Life of the mind in a bubble

About four years ago I wrote about living in bubbles and rarely coming into contact with people outside of our bubble [see ‘You’re all weird‘ on February 8th, 2017]. This was in the context of our experience of the media and our surprise when electorates make apparently irrational decisions. Since early this year we have been encouraged to live in more literal bubbles in order to slow down the spread of COVID-19; so, for example, we have created bubbles of researchers using our research labs in shifts to avoid a total shutdown of research when someone tests positive for coronavirus.  For many people, the pandemic has isolated them in a bubble of one that has created concerns about the well-being and happiness of individuals living and working alone.  When asked about the place he is happiest, the artist Ai Weiwei responded ‘Every place is equal for me.  Even in detention I could still find joyful moments’.  He finds ways to connect to other people and their emotions by reflecting on who he is, which leads to moments of joy.  He believes that success in life is about finding yourself in way that ‘doesn’t need ambition or talent. It just needs a functioning mind, emotion and simple judgment.’  During lockdowns induced by the COVID-19 pandemic, I believe that it has become more important to maintain the life of mind through reading and discovering new ideas.
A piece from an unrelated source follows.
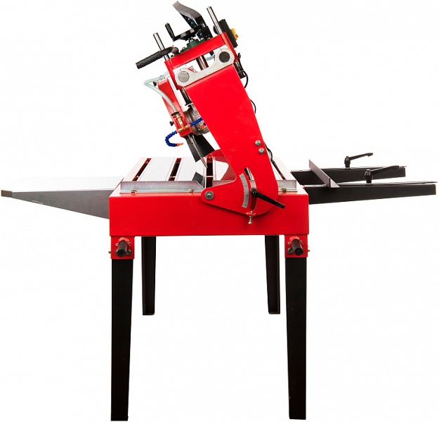 - Обрабатываемый материал лежит неподвижно на рабочем столе, а режущий круг перемещается сверху по направляющим

As Jarvis Cocker said in a recent interview: ‘I don’t want to spend the rest of my life thinking the same thoughts and feeling the same things, rechewing the same thing. I find that really boring.’  I hope that these posts have brought you new ideas and ways of thinking during 2020; writing them has certainly kept my mind active and stimulated.  So, I plan to continue in 2021 and hope that you will continue to read them.  Best wishes for a happy New Year!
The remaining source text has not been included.